Perhaps I am showing my ignorance for the reftable backend, but is it OK
to call strncmp() against all patterns here?

In the packed-refs implementation which I worked on with Peff sometime
last year, we rejected exclude patterns that contain special glob
characters in them for exactly this reason.

The implementation that I'm referring to has a helpful comment that
jogged my memory for what we were thinking at the time (see the
function refs/packed-backend.c::populate_excluded_jump_list()).

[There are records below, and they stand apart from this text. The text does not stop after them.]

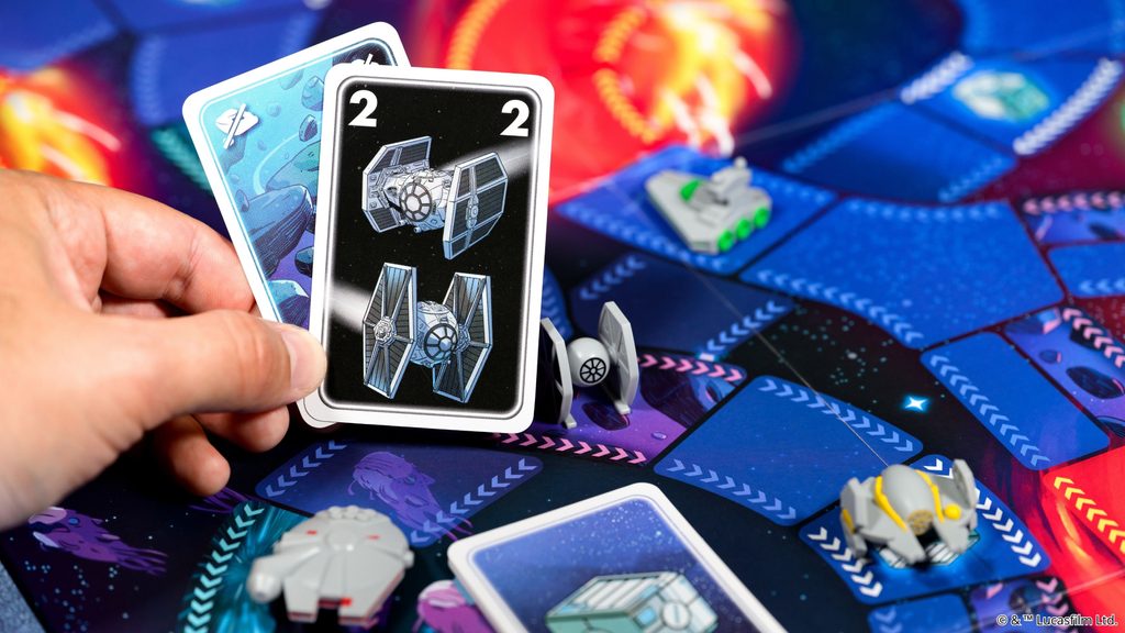Ve hře se ujmete dvojice ikonických lodí ze světa Star Wars – například Millenium Falcon, Hvězda smrti nebo X-wing. Vaším úkolem je dostat obě lodě svého týmu jako první do cíle. Hráči si v každém tahu vybírají kartu pohybu a podle její barvy a hodnoty posunou loď příslušné barvy. Protože karty držíte v ruce náhodně, často budete muset pohnout i soupeřovými loděmi, nebo pomoci spoluhráči.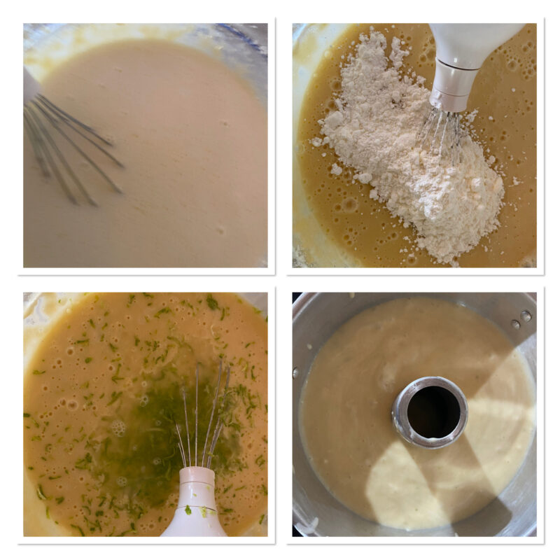 • Gießt die heiße Milch dazu (die heiße Flüssigkeit wird sofort vom Mehl aufgenommen; indem es die Feuchtigkeit einbindet, bleibt der Kuchen länger weich), fügt die Stärke, das Backpulver, das Vanillin, die Schale einer Zitrone und den Saft hinzu, vermengt alles gut und gebt den Teig in eine gefettete oder bemehlte Form mit 24 cm Durchmesser.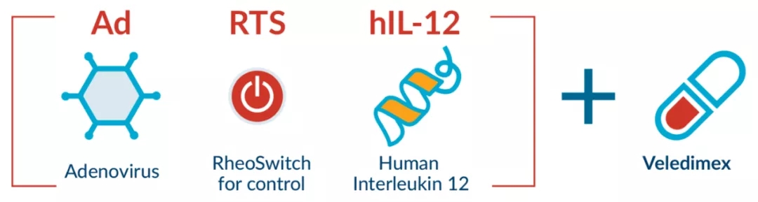 针对这一思路,Ziopharm公司开发的这款疗法,在患者在进行手术清除脑瘤之前接受veledimex药物治疗,在手术期间,将携带IL-12基因的腺病毒直接注射到肿瘤中。veledimex能够打开和关闭IL-12的表达,并对其进行表达水平的调节。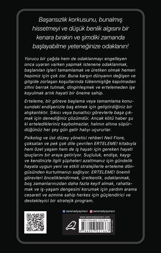 Ertelemenin Üstesinden Gelmek ve Suçluluk Hissetmeden Eğlenmenin Keyfini Çıkarmak NEIL A. FIORE, PH.D Başarısızlık korkusunu, bunalmış hissetmeyi ve düşük benlik algısını bir kenara bırakın ve şimdiki zamanda başlayabilme yeteneğinize odaklanın! Yorucu bir çağda hem de odaklanmayı engelleyen onca uyaran varken yapmak istenene odaklanmak, başlanılan işleri tamamlamak ve üretken olmak hemen hepimiz için çok zor. Buna karşın dünyanın değişen ve gitgide zorlaşan koşullarında tükenmişliğe kapılmadan zihni berrak tutmak, dinginleşmek ve ertelemeden işe koyulmak artık hayati bir öneme sahip. Erteleme, bir göreve başlama veya tamamlama konusundaki endişenizle baş etmek için geliştirdiğiniz bir alışkanlıktır. Sıkıcı veya bunaltıcı görevlerle başa çıkmak için denediğiniz çözümdür. Ancak kötü haber şu ki erteledikleriniz kaybolmazlar, halının altına süpürdüğünüz her şey gün gelir halıyı uçururlar. Psikolog ve üst düzey yönetici rehberi Neil Fiore, çoksatan ve pek çok dile çevrilen ERTELEME! kitabıyla hem özel yaşam hem de iş hayatı için gereken hayati ipuçlarını bir araya getiriyor. Suçluluk, endişe, kaygı ve kendinizle ilgili şüpheleri azaltmanız için gündelik hayata uygun yeni ve etkili stratejilerle erteleme döngüsünden kurtulmanızı sağlıyor. ERTELEME! önemli görevleri önceliklendirmek, üretkenlik, odaklanmak, boş zamanlarınızdan daha fazla keyif almak, rahatlamak ve iş-yaşam dengesini korumak için yardım arama cesareti ve azmine sahip herkes için güçlendirici ve destekleyici bir stratejik program.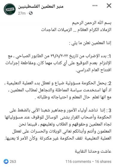 أعلن منبر المعلمين الفلسطينيين اليوم الأربعاء، عن بدء الإضراب من جديد بتاريخ 29/8/2022، أي مع بداية العام الدراسي الجديد.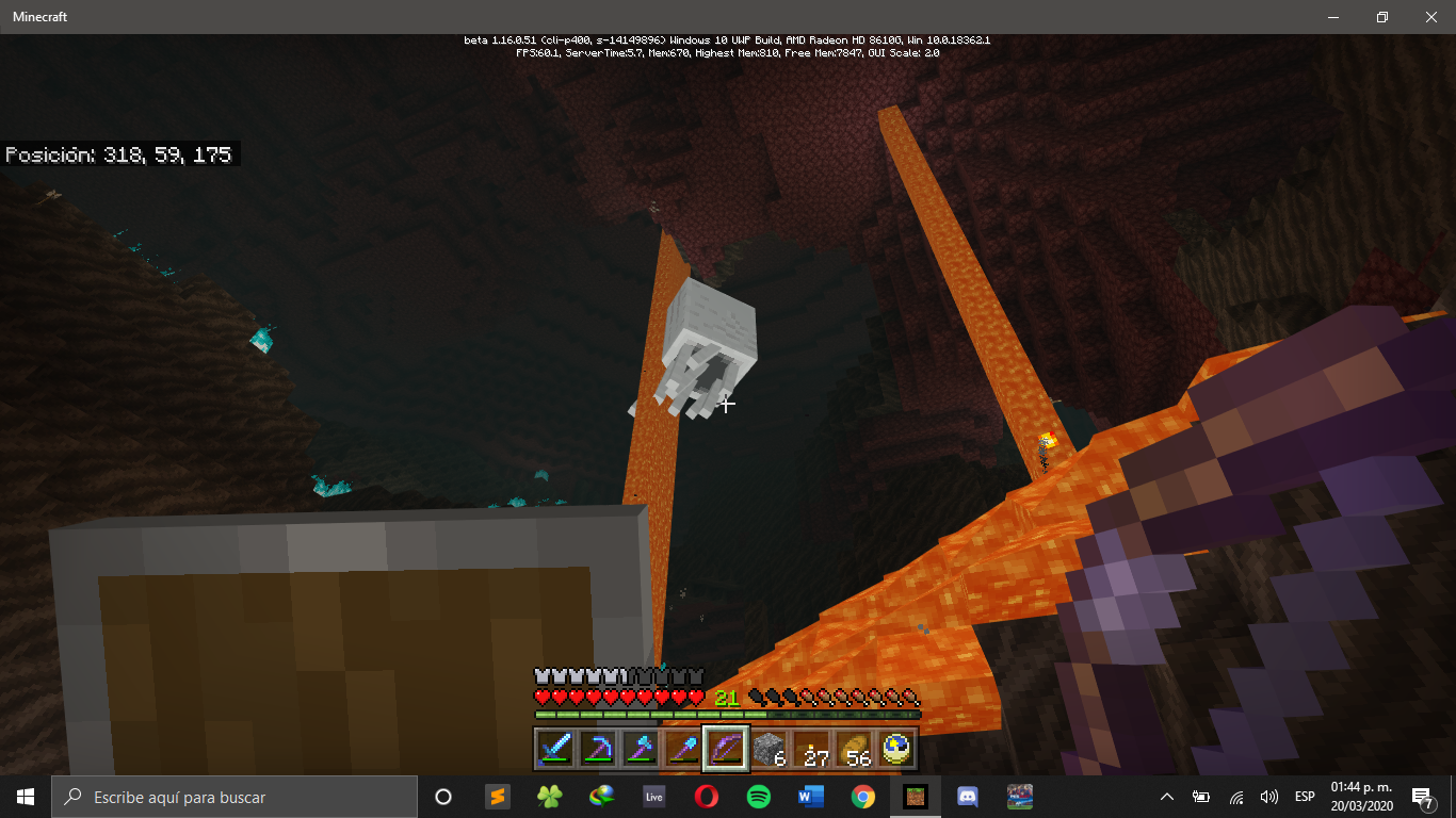 Another bug I noticed when playing the beta, is that exploring the nether near a Crimson Forest biome, a ghast got stuck in a chain of falling lava, and couldn't move.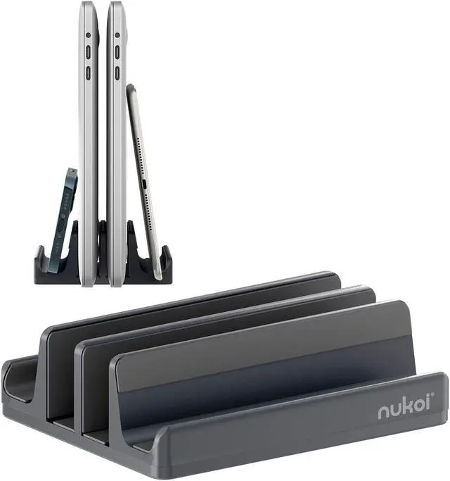 Nukoi Vertical Laptop Stand - SPACEMax Adjustable GRIPLock Anti-Tip Silicone 4 Slots Aluminum Desktop Holder - Double Dock Stand - 2 Phone Slots Fits Up to 17.3" Laptops, Tablets, Phones - Gray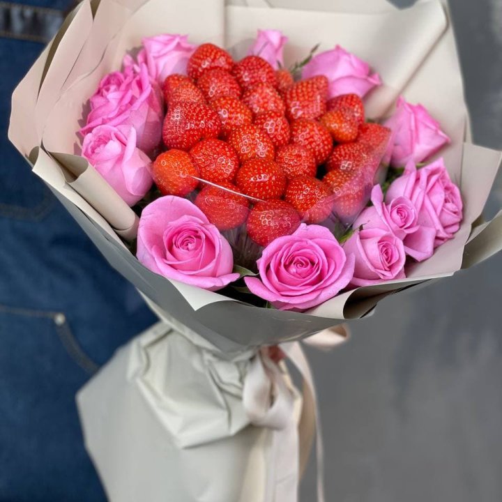 Букеты с клубникой — это оригинальные и аппетитные композиции, сочетающие свежие или декоративные цветы с яркими, сочными ягодами клубники. Такие букеты отлично подходят для романтических подарков, летних мероприятий, свадеб или просто для того, чтобы порадовать близких вкусным и красивым сюрпризом.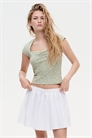 Короткий приталенный топ из узкого ребристого хлопкового джерси с вырезом в форме сердца и тонкой отделкой пико. Присборенный шов по центру бюста, рукава-капельки и прямой подол.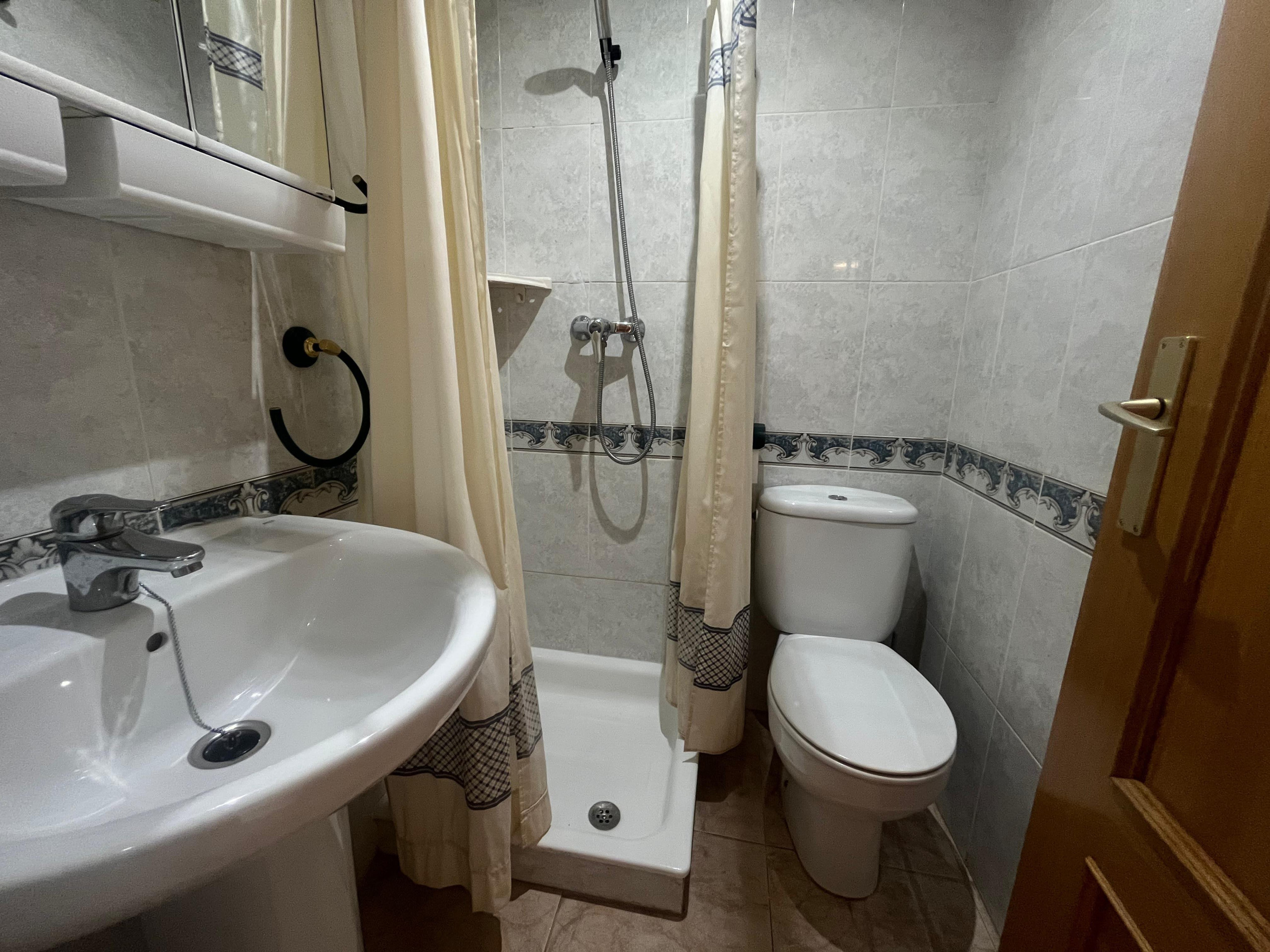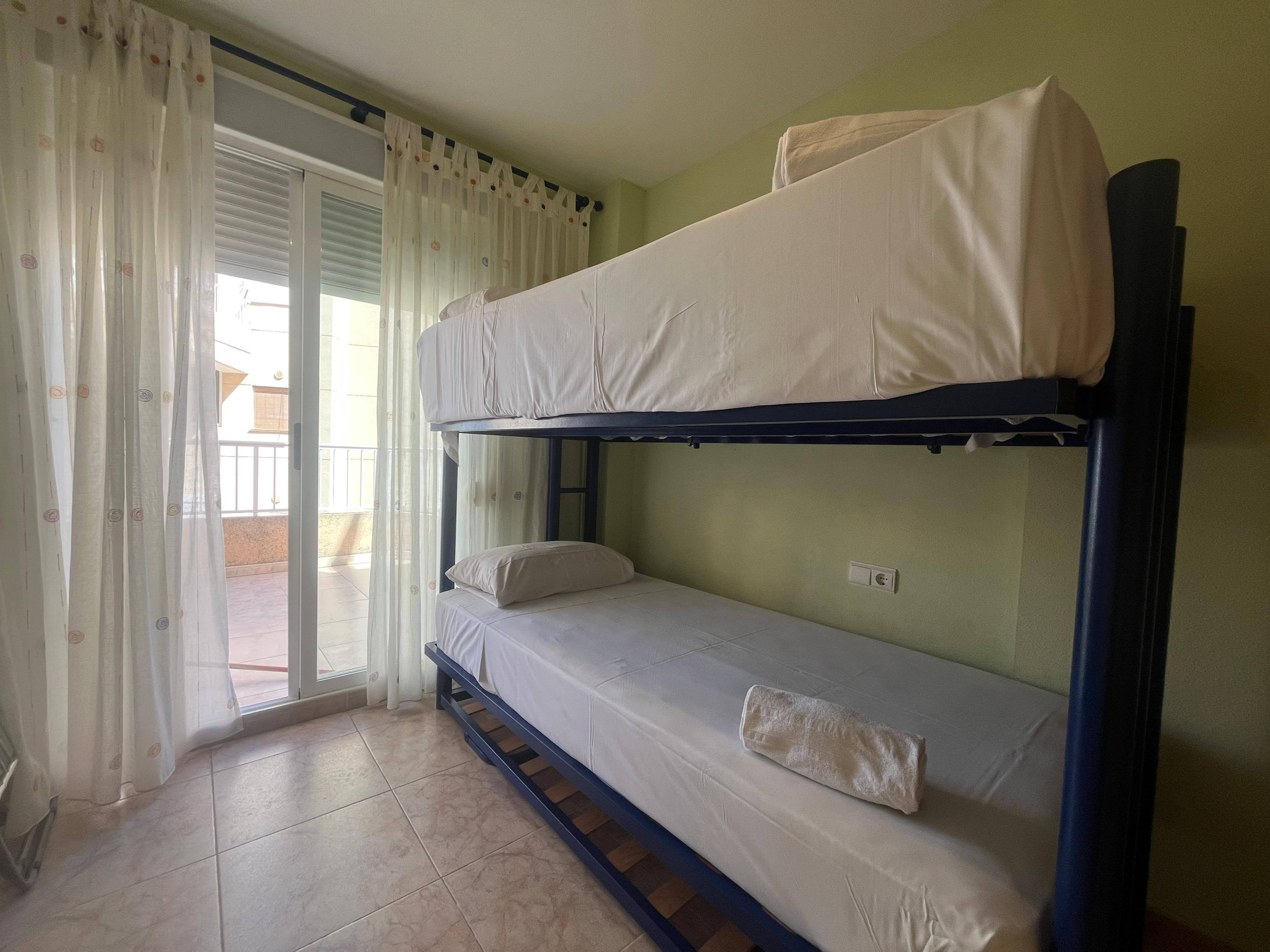 Apartamento en segunda planta con terraza de orientación Sur con toldos. Tiene un dormitorio doble, un salón estar- comedor con sofá cama para 2 personas (1,20 cm), cocina americana al salón y un cuarto de baño con bañera.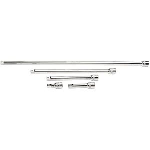 Expert Quality, manufactured from chrome vanadium steel hardened and tempered, with a polished finish. Each ext. bar has a knurled ring for extra grip. Attached with a spring - loaded ball bearing for secure socket holding. Manufactured and tested generally in accordance with DIN3122 and ISO3315 Specifications Features and Benefits • Expert Quality • Contents: 45, 75, 150, 250 and 450mm • Allows sockets to be driven at up to 15° off vertical • Chrome vanadium steel hardened, tempered, chrome plated and polished • Spring-loaded ball bearing for secure socket holding Contents 5 x Extension bars: 45, 75, 150, 250, 450mm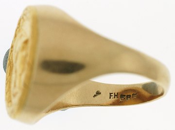 Doktorring, udført i 14 kt GULD. Indvendig stemplet m. krone og FH for Kgl. Hofleverandør Frantz Hingelberg, Århus. Str. 66. Vægt 16 gr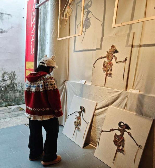 圖4 實(shí)踐隊(duì)成員參觀山東濟(jì)南向群皮影社 2月16日,除了國(guó)內(nèi)的皮影文化探尋,團(tuán)隊(duì)成員還前往福建福州上下杭?xì)v史文化街區(qū),參觀了印尼-萬(wàn)隆現(xiàn)實(shí)快閃店,并觀看了印尼皮影表演。通過(guò)與印尼皮影文化的對(duì)比,團(tuán)隊(duì)成員更加深刻地認(rèn)識(shí)到中國(guó)皮影文化的獨(dú)特魅力與全球影響力。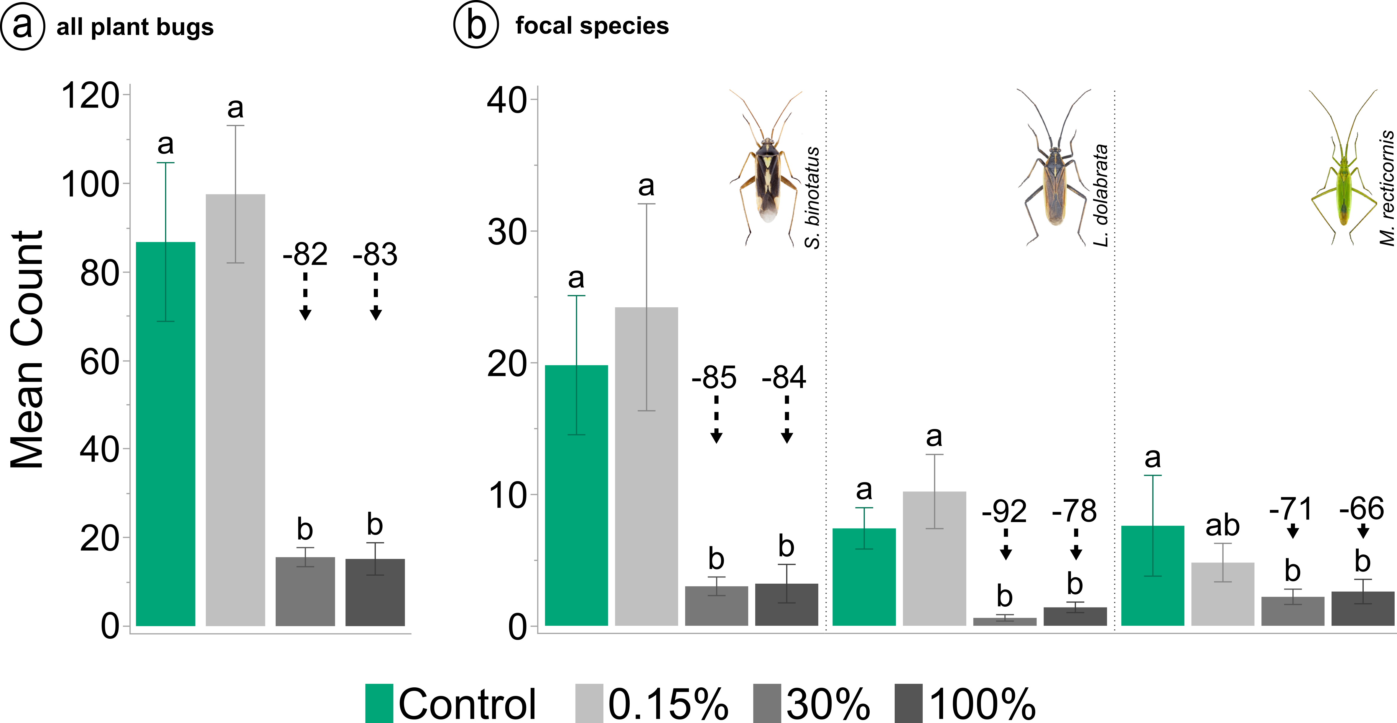 a Mean number of plant bugs (nymphs and adults) two days after insecticide application. b Mean number of adult plant bugs two days after insecticide application separated by species. Stenotus binotatus (left), Leptopterna dolabrata (centre) and Megaloceroea recticornis (right). Means not sharing the same letter are significantly different. Black dashed arrow lines in combination with numbers above bars indicate percentage difference to the control. Insect images © Gerhard Strauss, Biberach, Germany.
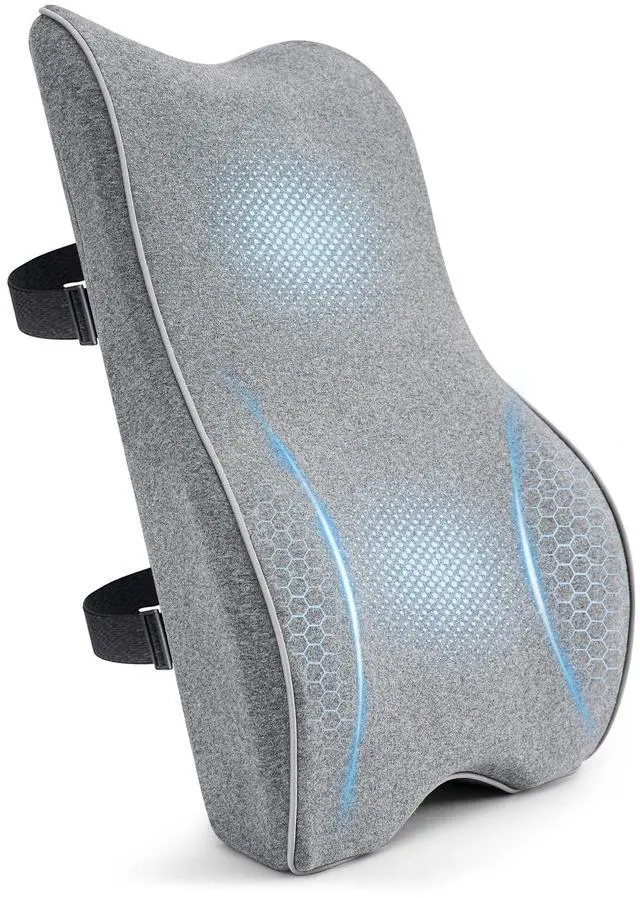 Lumbar Support Pillow for Office Chair Car Seat Gaming Chair, Memory Foam Back Support Pillow, Lumbar Cushion Back Cushion for Lower Back Pain Relief, Adjustable Strap Washable Cover-Grey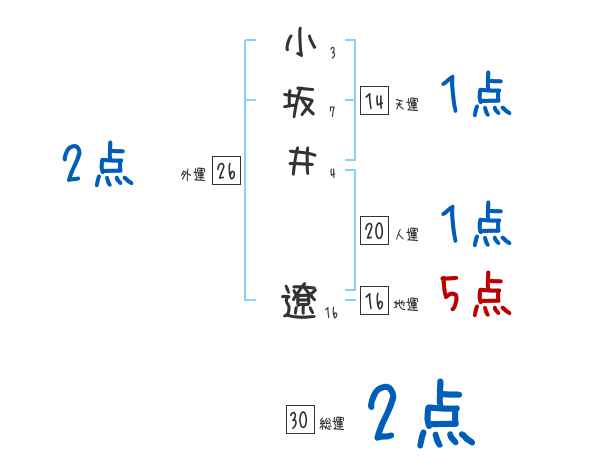 小坂井遼さんの画数の鑑定結果

Ugh, I just read the next hunk below, so ignore me here ;-).

> +static char **filter_exclude_patterns(const char **exclude_patterns)
> +{
> +	size_t filtered_size = 0, filtered_alloc = 0;
> +	char **filtered = NULL;
> +
> +	if (!exclude_patterns)
> +		return NULL;
> +
> +	for (size_t i = 0; ; i++) {
> +		const char *exclude_pattern = exclude_patterns[i];
> +		int has_glob = 0;
> +
> +		if (!exclude_pattern)
> +			break;
> +
> +		for (const char *p = exclude_pattern; *p; p++) {
> +			has_glob = is_glob_special(*p);
> +			if (has_glob)
> +				break;
> +		}
> +		if (has_glob)
> +			continue;
> +
> +		ALLOC_GROW(filtered, filtered_size + 1, filtered_alloc);
> +		filtered[filtered_size++] = xstrdup(exclude_pattern);
> +	}
> +
> +	if (filtered_size) {
> +		QSORT(filtered, filtered_size, qsort_strcmp);
> +		ALLOC_GROW(filtered, filtered_size + 1, filtered_alloc);
> +		filtered[filtered_size++] = NULL;
> +	}
> +
> +	return filtered;
> +}

Ohhh, here's where we filter out un-excludeable patterns. Ignore me :-).

One question I had reading this is why we don't filter these out on the
fly in the iterator itself instead of allocating a separate array that
we have to xstrdup() into and free later on.

We may be at the point of diminishing returns here, but I wonder if
allocating this thing is more expensive than a few redundant strcmp()s
and calls to is_glob_special(). I dunno.

Thanks,
Taylor